Action item: Omit any pictures, and restate word for word only the lines from the one with "5 Pieces 6Pin" through the end of the data below.

Material to process:
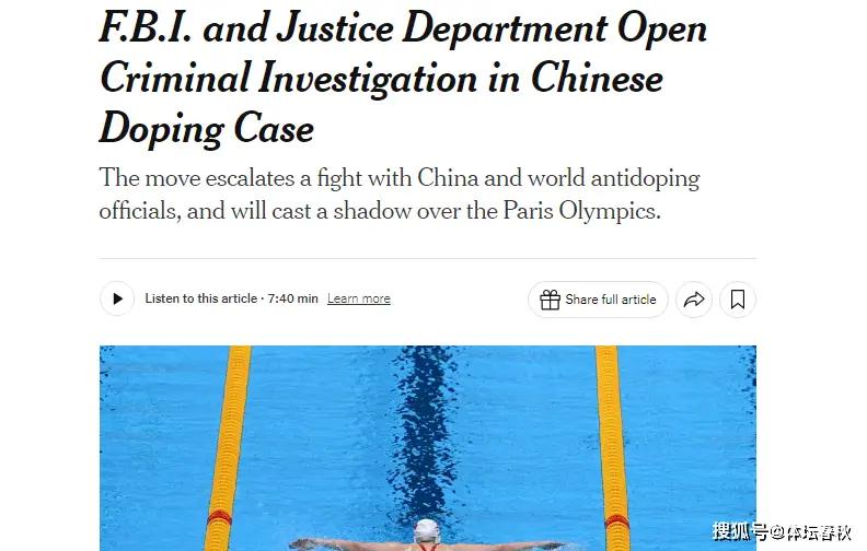 巴黎奥运会马上就要开幕了,中国代表团厉兵秣马,准备出征。然而,近期美国方面却传来了一个对中国队非常不利的消息。来自《纽约时报》的报道称,美国FBI已经开始调查23名涉嫌使用兴奋剂的中国游泳队运动员。
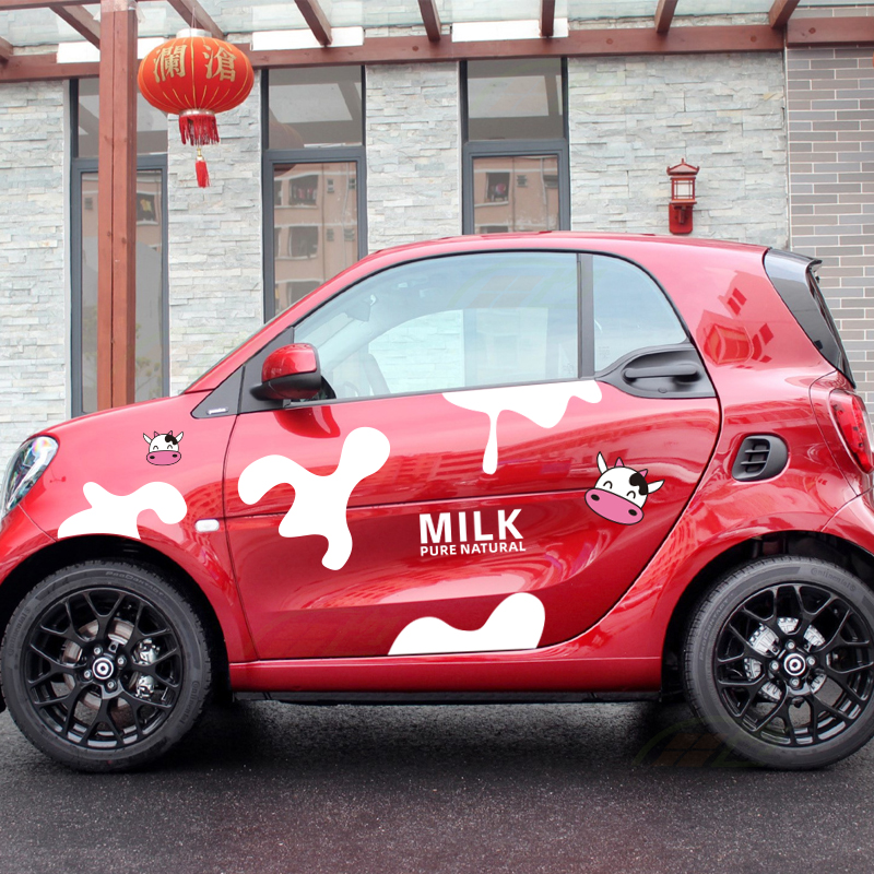 SMART小蚂蚁车身装 饰贴纸知豆D2S卡通奶牛车贴思皓E10X电动车拉花
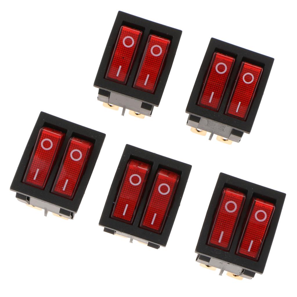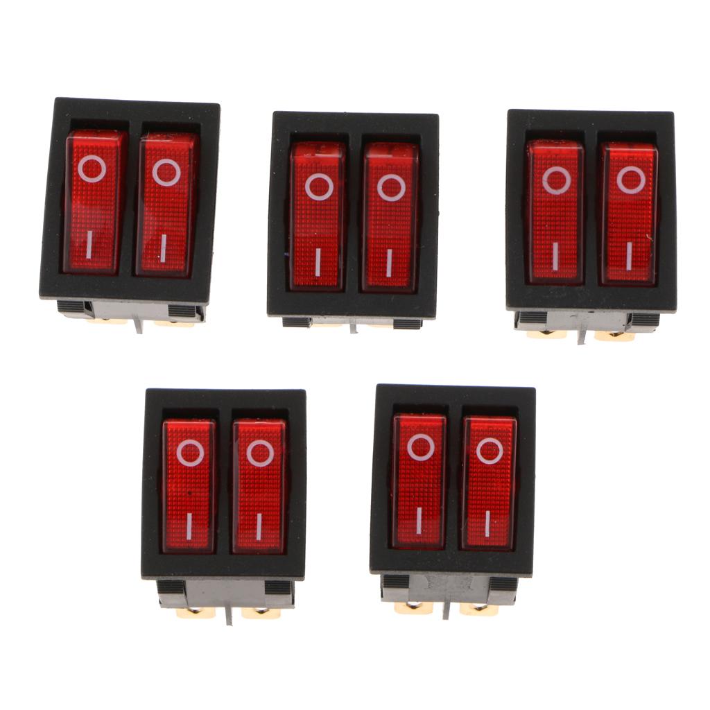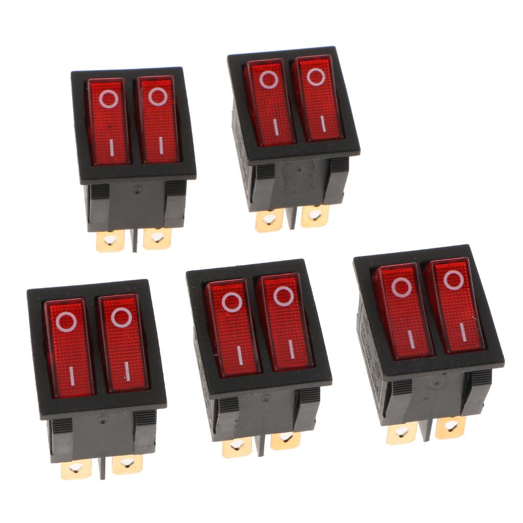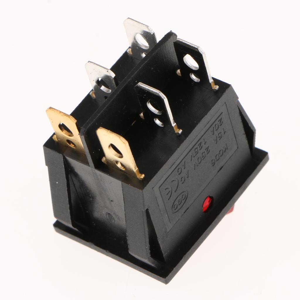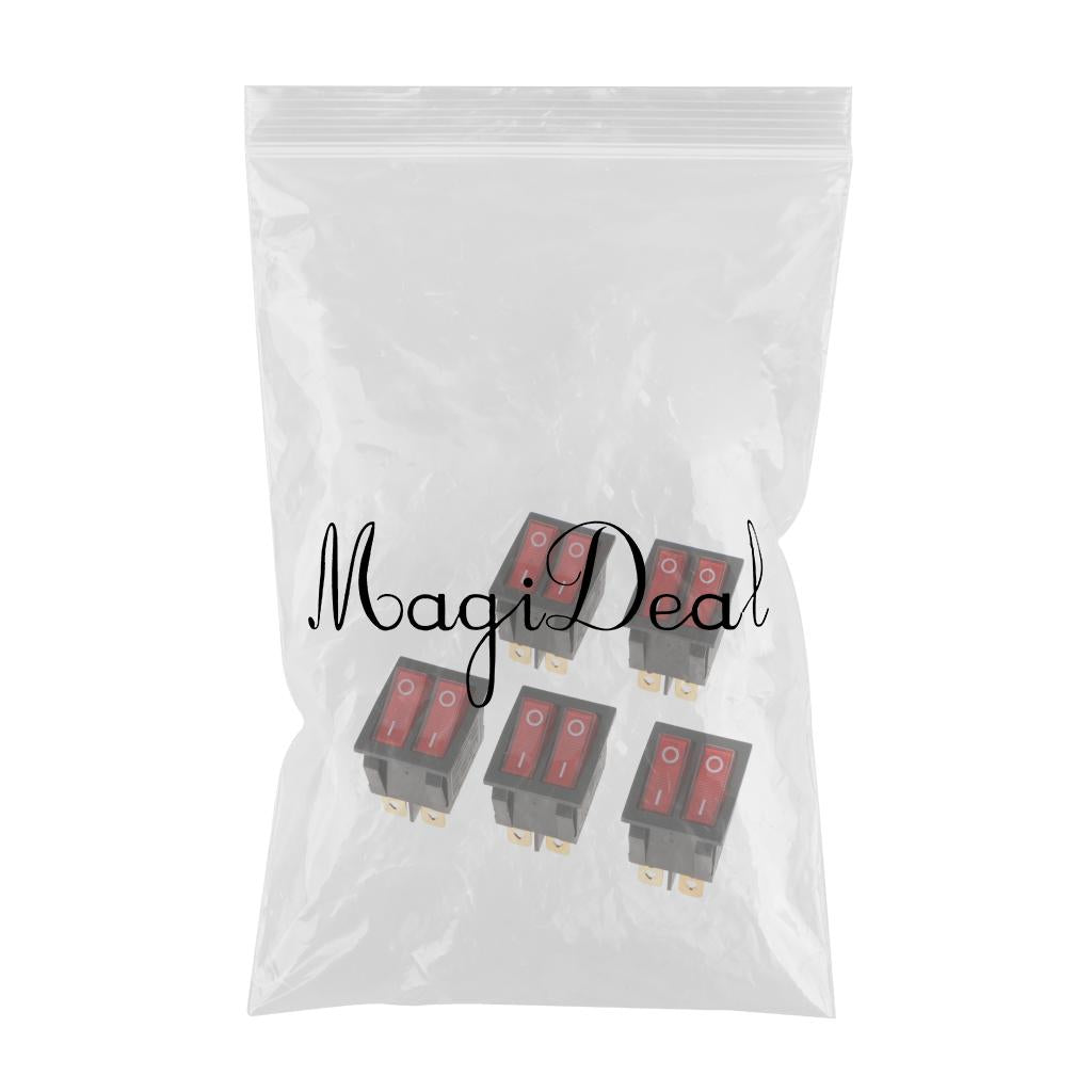 5 Pieces 6Pin 15A250V 20A125V Red Button ON/OFF Double Rocker Toggle Switch
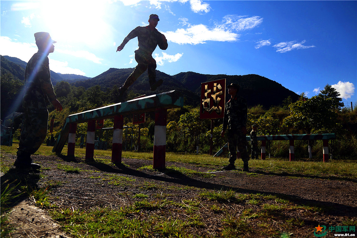障碍场上练兵忙。武警官兵大步跨越障碍的身姿,如同官兵对军旅人生的追求,那就是不断的拼搏、跨越。 马亮志 摄
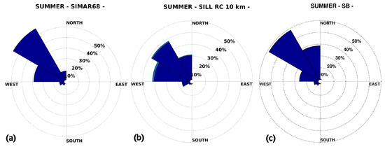 In the Silleiro area, although the predominance of the NW swell is also maintained during summer, both the buoy and the radar describe an increase in the percentage of North wave directions (–), while the SIMAR point does not show significant values with that direction (Figure 11).

Response area:
 5 Pieces 6Pin 15A250V 20A125V Red Button ON/OFF Double Rocker Toggle Switch
障碍场上练兵忙。武警官兵大步跨越障碍的身姿,如同官兵对军旅人生的追求,那就是不断的拼搏、跨越。 马亮志 摄
 In the Silleiro area, although the predominance of the NW swell is also maintained during summer, both the buoy and the radar describe an increase in the percentage of North wave directions (–), while the SIMAR point does not show significant values with that direction (Figure 11).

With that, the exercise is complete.